Over the last few weeks I’ve been looking at several customers’ slow query logs, and I found in many of them an odd type of query. These are
SELECT statements that contain an
IN clause that includes dozens, sometimes hundreds of values. These statements often end in the slow query log. I’m not sure if these queries are this way by design or if they are generated by a specific database development tool.
I did some tests in one of my own databases, one with only around 10K rows in its largest table. The database corresponds to the Amarok media player. For example, I queried for songs by B. B. King (spelled “BB King”, “B.B. King”, etc. or with other artists: “B. B. King & Eric Clapton”).
The first query used a
JOIN and an
IN clause with all the spellings in my db; the second used the same
WHERE ... name LIKE "BB%" OR name LIKE "B.%". Both had the same execution plan, and both retrieved the same number of results. In MySQL version 4.1 there were some enhancements to the optimizer for treating these massive
IN clauses, which means that for smaller databases, this is expected.
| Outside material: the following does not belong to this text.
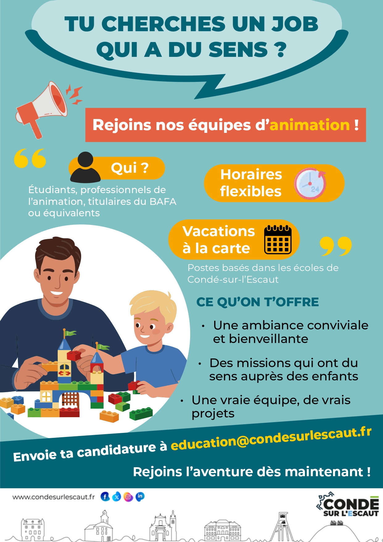 le ville de Condé sur l’Escaut recrute des animateurs.

With bigger databases and more complex queries, things are different. For example, in a customer server one of these
IN clauses holds more than 100 values. In this case MySQL creates a temporary table and uses filesort. It should be easy to transform the
IN in an
INSERT into a
TEMPORARY MEMORY table, and use a
JOIN in place of the
IN clause in the original query. This way, we are avoiding the filesort altogether, which should result in a better query execution time. Unfortunately it’s not practical to post a query that would contain so many values specified in it.
What’s your experience with these kind of expressions? I’d love to learn where do these gigantic
IN clauses come from and hear some use-cases.